**Work to complete**. Without copying any picture, transcribe exactly the lines of the data below from the one containing "Please be sure" through the one containing "木漆工艺 独木器的制作,在黎".
--- The data ---
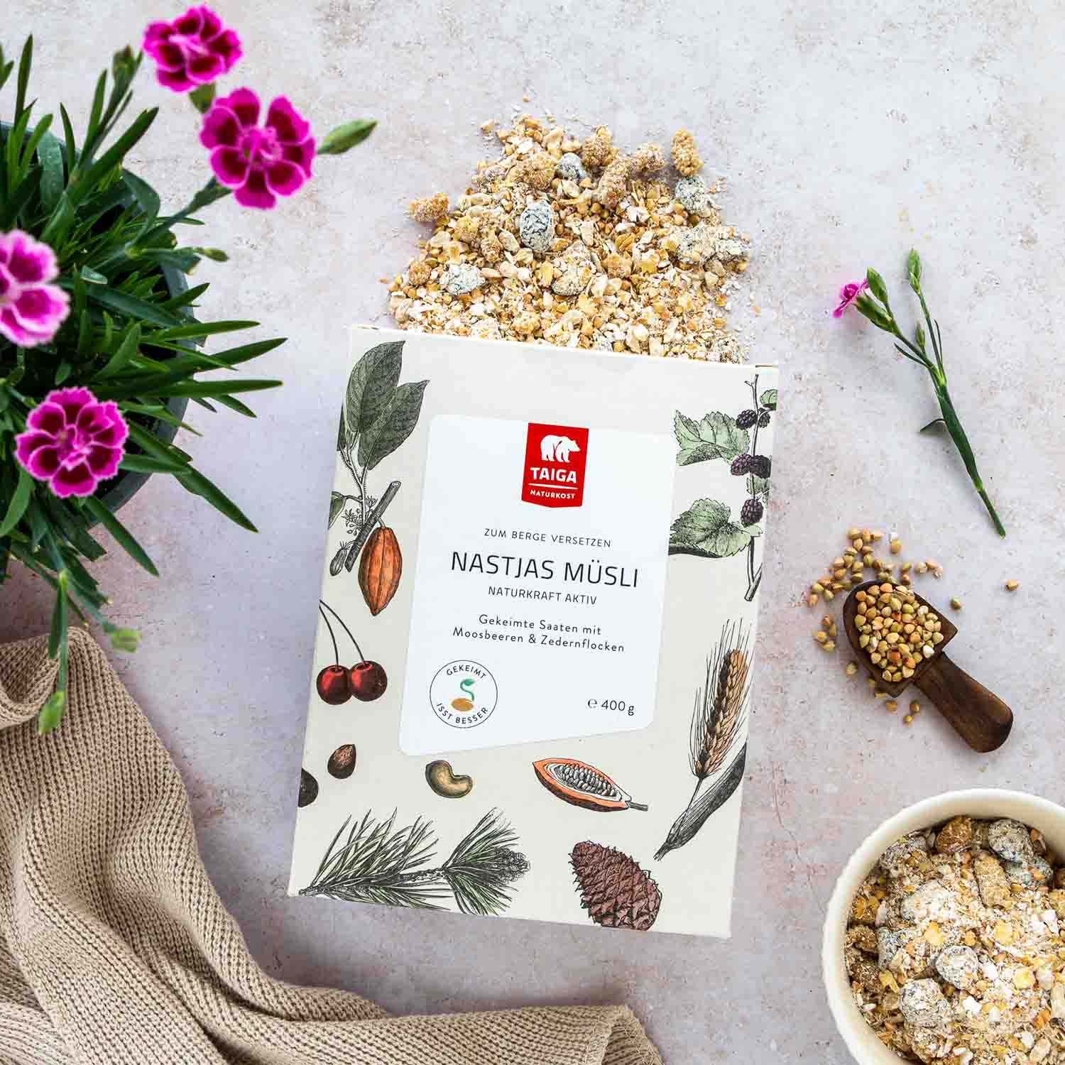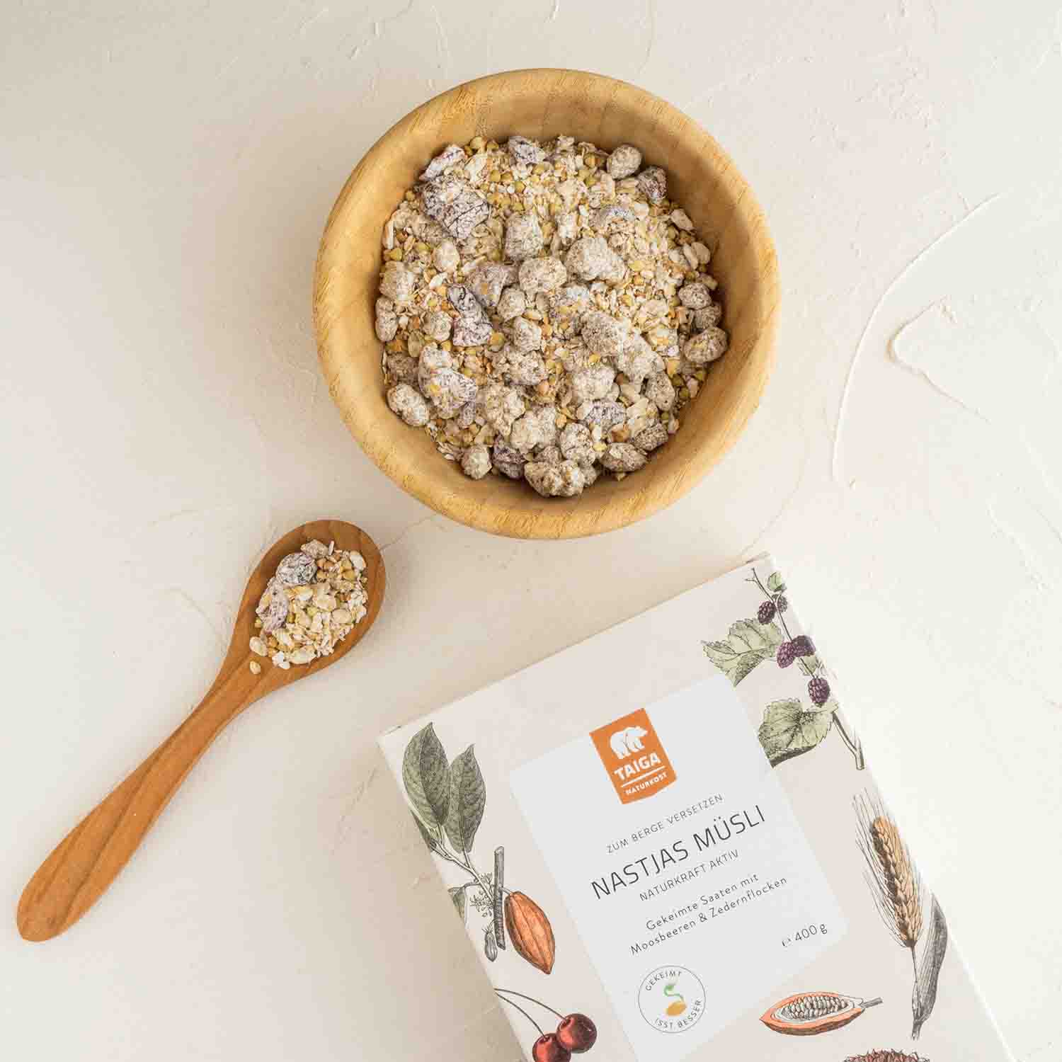 Насладитесь магией тайги и почувствуйте разницу с обычными мюсли! Высококачественные ингредиенты пророщенного овса и гречки сочетаются с орехами сибирского кедра и кедровыми хлопьями.Это правильный заряд бодрости утром или между приемами пищи - позвольте себе освежиться медовым вкусом шелковицы и фруктовой кислинкой клюквы!
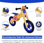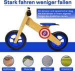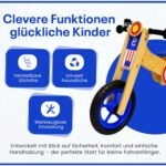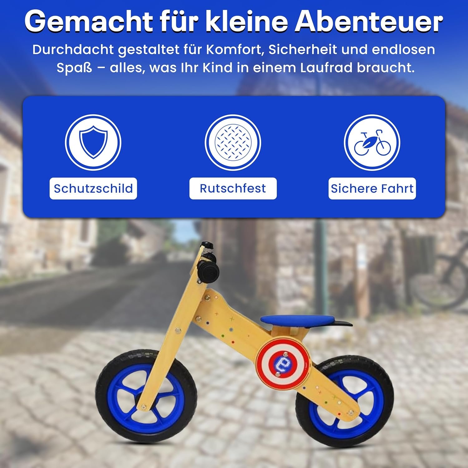 Der stabile Holzrahmen ist leicht und dennoch sehr robust. Dadurch lässt sich das Laufrad einfach steuern und transportieren, ideal für spielerisches Lernen von Balance und Koordination im Freien.
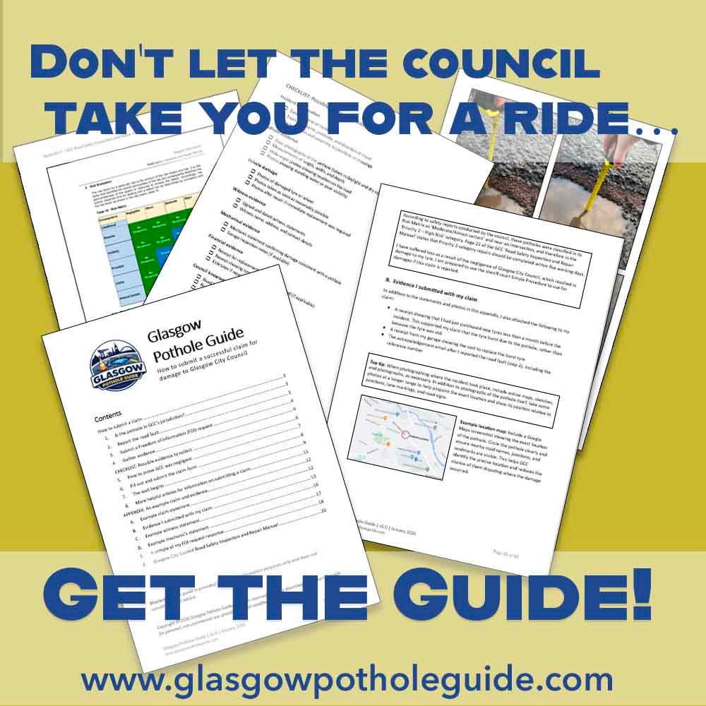 Please be sure to let me know the outcome of your pothole claim, and get in touch at glasgowpotholeguide@gmail.com if you have any questions!
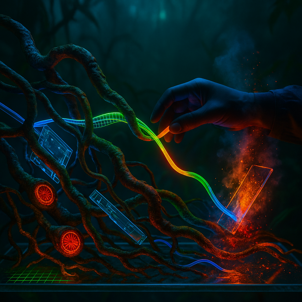 Coincident Strand: When Growth Becomes Transmission Without a Seam I wanted to stage the exact instant a filament is both a living growth and a high‑bandwidth waveguide with no boundary, to force the
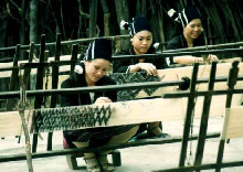 木漆工艺 独木器的制作,在黎族家庭手工业中,也颇具特色。用一完整木,不钉不卯,制作成器具,在他们生产、生活领域中无所不见。生活用具如挂衣物的挂钩,捣蒜的臼杵,切东西的砧板,木凳、木桶、木甑等;饲养用的猪槽、狗槽、牛铃等;农业生产工具,有整地用的木铲、木滚,舂米用的大小木臼、木杵等;乃至渡水用的木舟,丧葬用的木棺等等,都是独木制作。
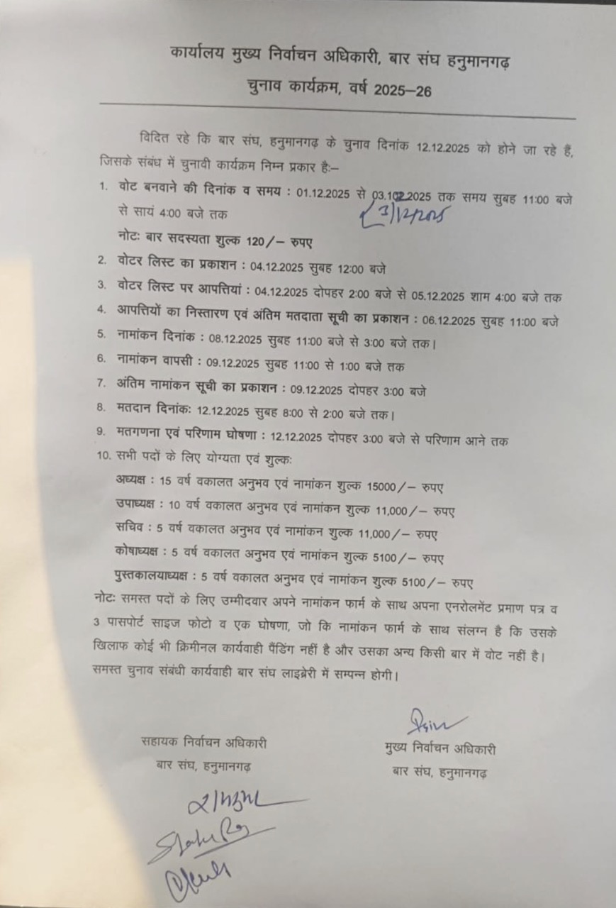 बार संघ हनुमानगढ़ के वर्ष 2025-26 के चुनाव को लेकर तैयारियाँ शुरू हो गई हैं। मुख्य निर्वाचन अधिकारी प्रीतपाल सिंह ने चुनावी कार्यक्रम घोषित करते हुए बताया कि बार संघ के चुनाव आगामी 12 दिसंबर 2025 को संपन्न होंगे। इसके लिए चरणबद्ध कार्यक्रम तय कर दिया गया है, जिसके अनुसार सभी प्रक्रियाएँ निर्धारित तिथियों पर बार संघ लाइब्रेरी में आयोजित की जाएंगी।चुनावी कार्यक्रम के अनुसार 1 दिसंबर 2025 से 3 दिसंबर 2025 तक रोजाना सुबह 11 बजे से शाम 4 बजे तक वोट बनवाने का कार्य किया जाएगा। सदस्यता शुल्क 120 रुपये निर्धारित किया गया है। इसके बाद 4 दिसंबर 2025 को दोपहर 12 बजे वोटर सूची प्रकाशित की जाएगी। उसी दिन 2 बजे से 5 दिसंबर शाम 4 बजे तक वोटर सूची पर आपत्तियाँ स्वीकार की जाएंगी।आपत्तियों के निस्तारण के बाद 6 दिसंबर 2025 को सुबह 11 बजे अंतिम मतदाता सूची जारी होगी। इसके बाद चुनावी नामांकन की प्रक्रिया 8 दिसंबर 2025 को सुबह 11 बजे से दोपहर 3 बजे तक चलेगी। नामांकन वापसी की अंतिम तिथि 9 दिसंबर को सुबह 11 से दोपहर 1 बजे तक निर्धारित है। नामांकन वापसी के बाद 9 दिसंबर दोपहर 3 बजे अंतिम नामांकन सूची प्रकाशित होगी।मुख्य निर्वाचन अधिकारी प्रीतपाल सिंह ने बताया कि मतदान 12 दिसंबर 2025 को सुबह 8 बजे से दोपहर 2 बजे तक होगा, जबकि मतगणना और परिणाम घोषणा उसी दिन दोपहर 3 बजे से प्रारंभ कर दी जाएगी, जो परिणाम आने तक जारी रहेगी।चुनाव में विभिन्न पदों के लिए योग्यता और नामांकन शुल्क भी निर्धारित किए गए हैं। अध्यक्ष पद के लिए 15 वर्ष, उपाध्यक्ष के लिए 10 वर्ष, जबकि सचिव, कोषाध्यक्ष और पुस्तकालयाध्यक्ष पदों के लिए 5 वर्ष का वकालत अनुभव आवश्यक है। अध्यक्ष पद का नामांकन शुल्क 15,000 रुपये, उपाध्यक्ष एवं सचिव का 11,000 रुपये, जबकि कोषाध्यक्ष और पुस्तकालयाध्यक्ष के लिए 5,100 रुपये निर्धारित किए गए हैं।उम्मीदवार को नामांकन फार्म के साथ एनरोलमेंट प्रमाण पत्र, तीन पासपोर्ट साइज फोटो, तथा एक घोषणा पत्र संलग्न करना अनिवार्य होगा, जिसमें यह उल्लेख हो कि उम्मीदवार के खिलाफ कोई क्रिमिनल केस लंबित नहीं है और उसका अन्य किसी बार में वोट नहीं है।चुनावी प्रक्रिया को सुचारु रूप से संचालित करने के लिए मुख्य निर्वाचन अधिकारी प्रीतपाल सिंह के साथ सहायक निर्वाचन अधिकारी रामकुमार सहारण, विमल कीर्ति बिश्नोई, शालू रानी और आशीष भीड़ासरा को जिम्मेदारियाँ सौंपी गई हैं।
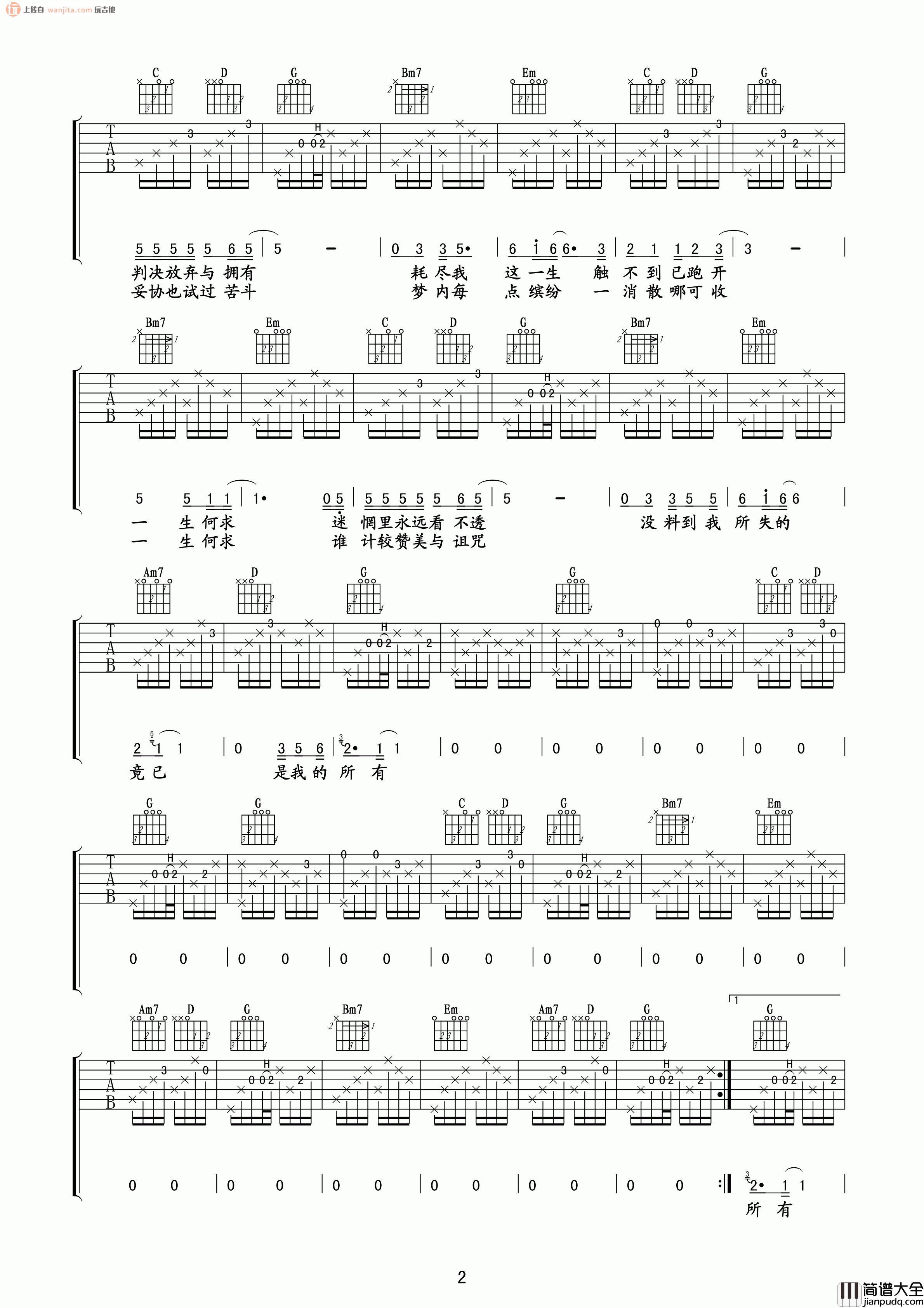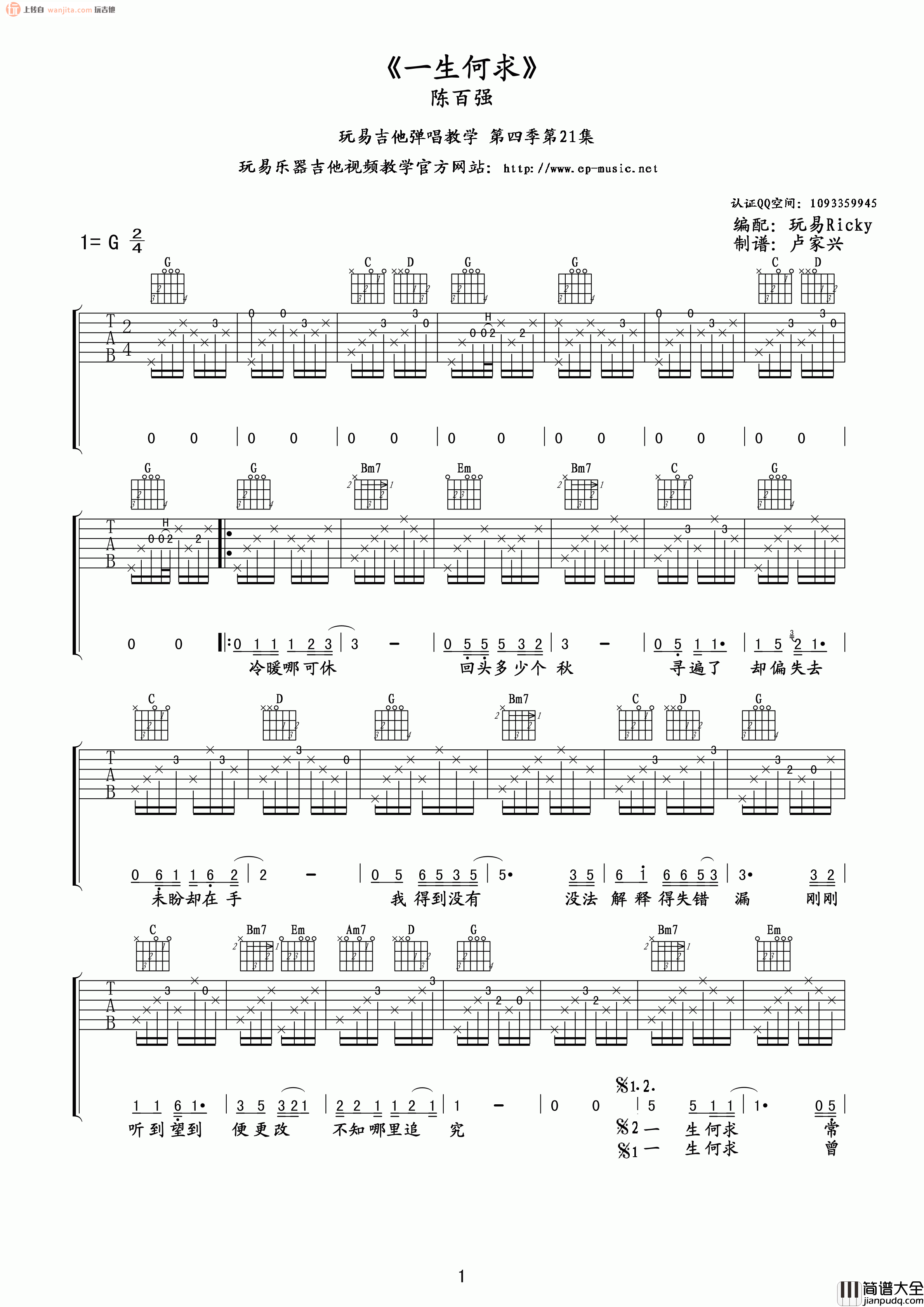 《一生何求》吉他谱,由玩易吉他编配分享,选用G调指法,歌曲包含了完整的前奏,基本上以分解和弦为主要的弹唱节奏,但节拍较快,需要大家花时间稳定掌握。
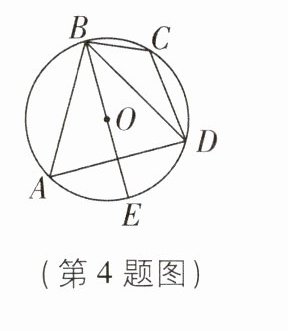 4如图,四边形ABCD是$\odot O$的内接四边形,BE是$\odot O$的直径,连接BD.若$∠BCD= 2∠BAD$,则$∠EBD$的度数是( )
---
**Written response**.
 Please be sure to let me know the outcome of your pothole claim, and get in touch at glasgowpotholeguide@gmail.com if you have any questions!
 Coincident Strand: When Growth Becomes Transmission Without a Seam I wanted to stage the exact instant a filament is both a living growth and a high‑bandwidth waveguide with no boundary, to force the
 木漆工艺 独木器的制作,在黎族家庭手工业中,也颇具特色。用一完整木,不钉不卯,制作成器具,在他们生产、生活领域中无所不见。生活用具如挂衣物的挂钩,捣蒜的臼杵,切东西的砧板,木凳、木桶、木甑等;饲养用的猪槽、狗槽、牛铃等;农业生产工具,有整地用的木铲、木滚,舂米用的大小木臼、木杵等;乃至渡水用的木舟,丧葬用的木棺等等,都是独木制作。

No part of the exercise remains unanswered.